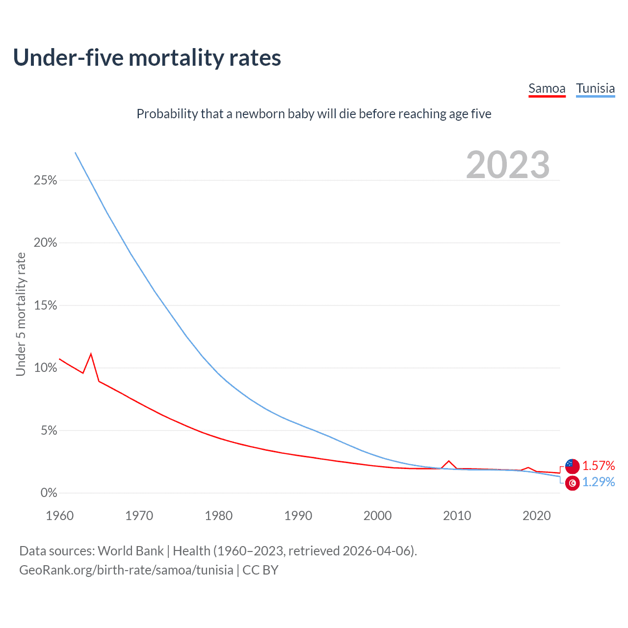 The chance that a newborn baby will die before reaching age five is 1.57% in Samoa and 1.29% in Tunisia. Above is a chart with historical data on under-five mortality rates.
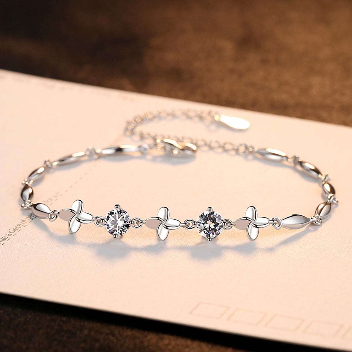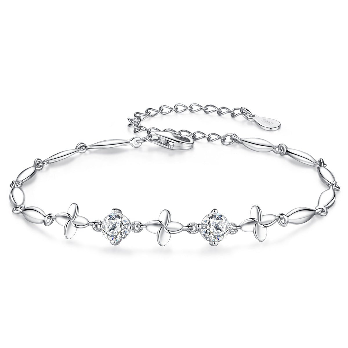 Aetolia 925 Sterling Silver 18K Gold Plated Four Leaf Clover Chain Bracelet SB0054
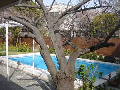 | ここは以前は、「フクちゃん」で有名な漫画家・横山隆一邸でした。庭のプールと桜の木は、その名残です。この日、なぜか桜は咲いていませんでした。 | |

* * * * *

ABOUT THIS EXERCISE:
When you repeat the material above, keep every word exact and leave out the pictures.

TASK OUTPUT:
 The chance that a newborn baby will die before reaching age five is 1.57% in Samoa and 1.29% in Tunisia. Above is a chart with historical data on under-five mortality rates.
 Aetolia 925 Sterling Silver 18K Gold Plated Four Leaf Clover Chain Bracelet SB0054
 | ここは以前は、「フクちゃん」で有名な漫画家・横山隆一邸でした。庭のプールと桜の木は、その名残です。この日、なぜか桜は咲いていませんでした。 | |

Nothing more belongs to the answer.